**DATASET CONTENT**
■ ■ ■

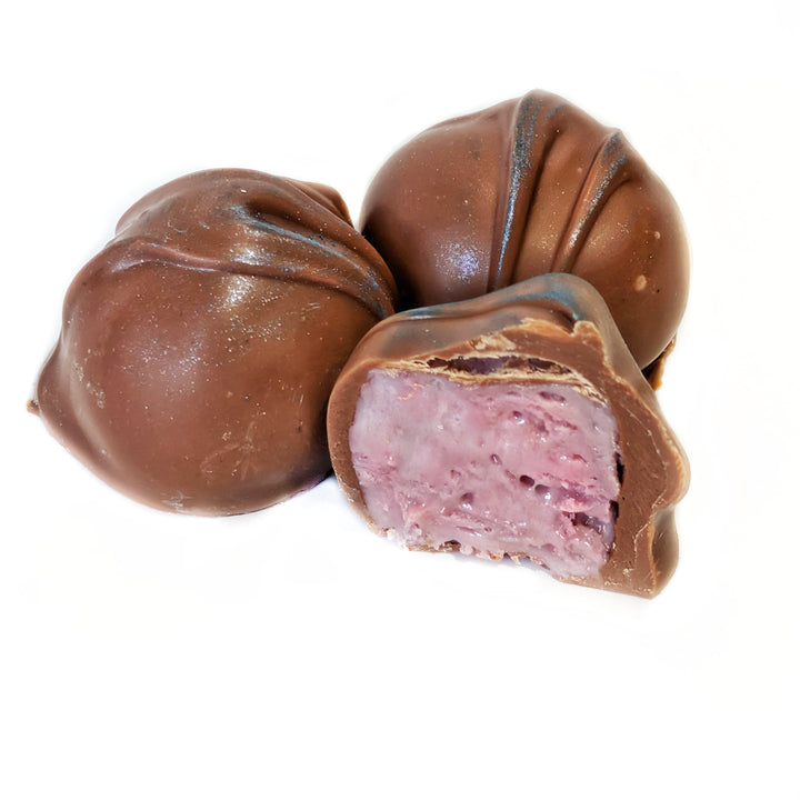 Smooth , rich milk chocolate provides a comforting, sweet base that contrasts with the tangy, bright flavors of blueberry and pomegranate.
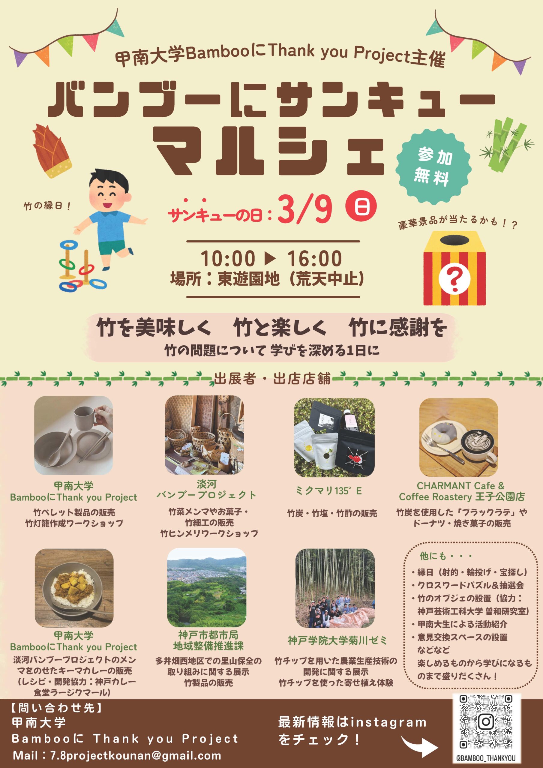 竹は繁殖力が強く、管理者の高齢化や担い手不足等により管理放棄された「放置竹林」は土砂災害を引き起こす危険性があり、全国的に問題になっています。本学の学生による、神戸市の放置竹林問題の解決を通じてSDGsの達成を目的に活動する「BambooにThank you Project」は、竹炭を使ったフードメニューの考案や竹のクリスマスツリー製作など、精力的に活動を続けてきました。このたび、クラウドファンディングによる支援を得て、プロジェクト初となる主催イベント「バンブーにサンキューマルシェ」を、3月9日(日)に神戸市の東遊園地にて開催いたします。
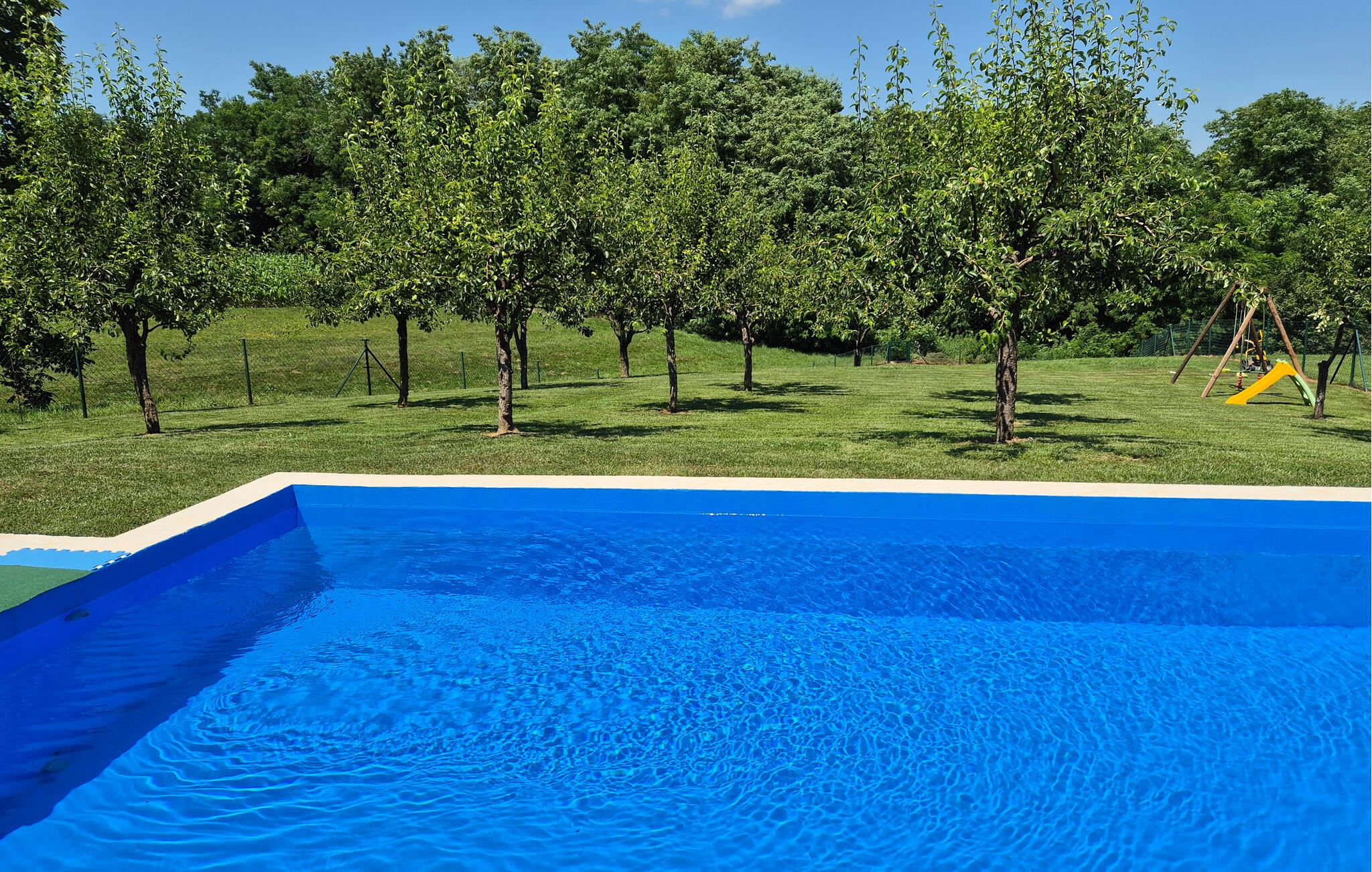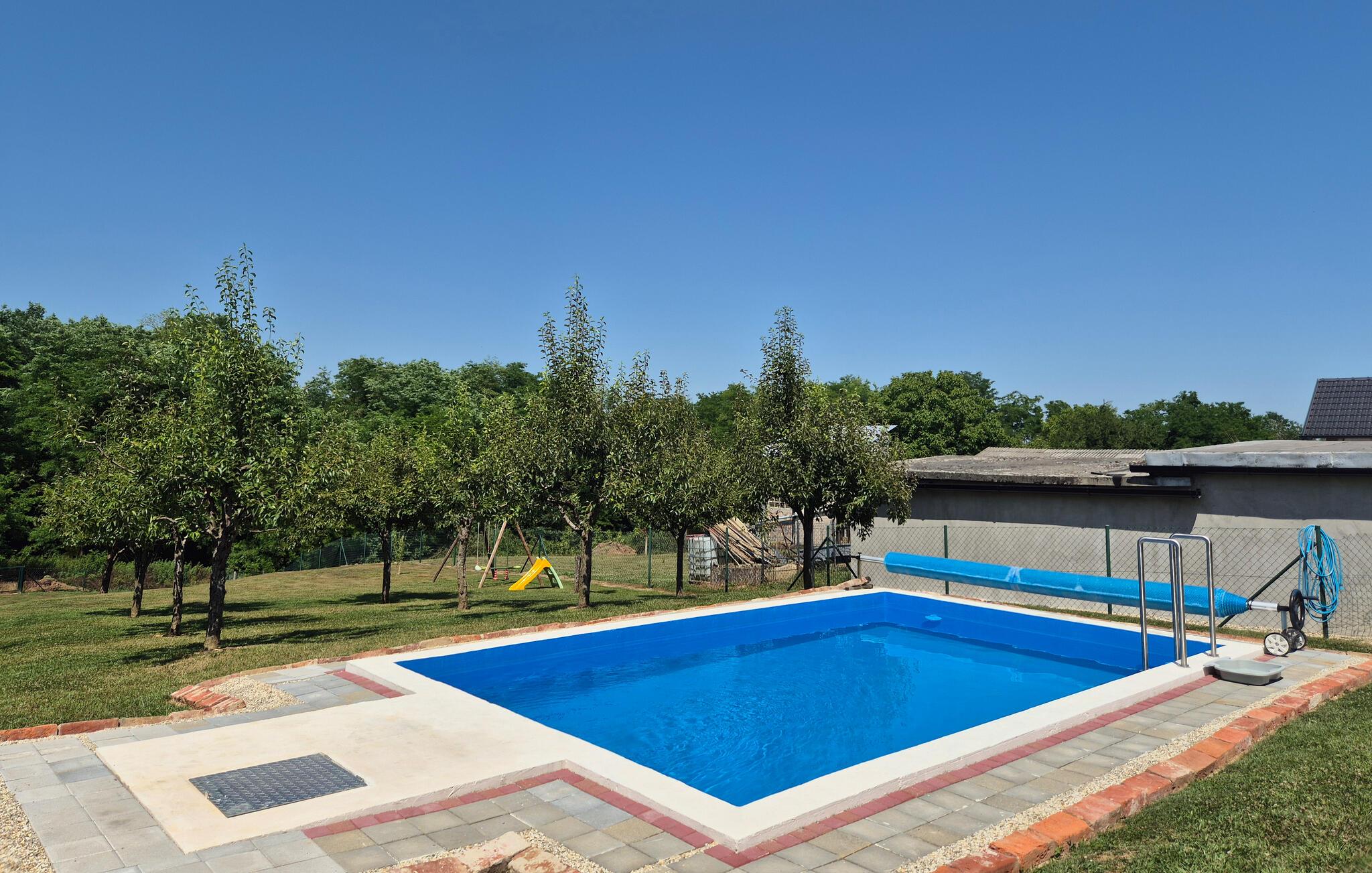 Auf dem schönen Naturgrundstück können Sie in bequemen Liegestühlen entspannen oder ein paar Runden im Pool schwimmen, während die Kinder ausgelassen schaukeln. Später versammelt sich die ganze Familie zu einem leckeren Abendessen vom Grill, lassen Sie einen herrlichen Urlaubstag unter freiem Himmel ausklingen.

■ ■ ■

**YOUR ASSIGNMENT**
The data is to be restated word for word, with any pictures set aside.

**ANSWER SECTION**
 Smooth , rich milk chocolate provides a comforting, sweet base that contrasts with the tangy, bright flavors of blueberry and pomegranate.
 竹は繁殖力が強く、管理者の高齢化や担い手不足等により管理放棄された「放置竹林」は土砂災害を引き起こす危険性があり、全国的に問題になっています。本学の学生による、神戸市の放置竹林問題の解決を通じてSDGsの達成を目的に活動する「BambooにThank you Project」は、竹炭を使ったフードメニューの考案や竹のクリスマスツリー製作など、精力的に活動を続けてきました。このたび、クラウドファンディングによる支援を得て、プロジェクト初となる主催イベント「バンブーにサンキューマルシェ」を、3月9日(日)に神戸市の東遊園地にて開催いたします。
 Auf dem schönen Naturgrundstück können Sie in bequemen Liegestühlen entspannen oder ein paar Runden im Pool schwimmen, während die Kinder ausgelassen schaukeln. Später versammelt sich die ganze Familie zu einem leckeren Abendessen vom Grill, lassen Sie einen herrlichen Urlaubstag unter freiem Himmel ausklingen.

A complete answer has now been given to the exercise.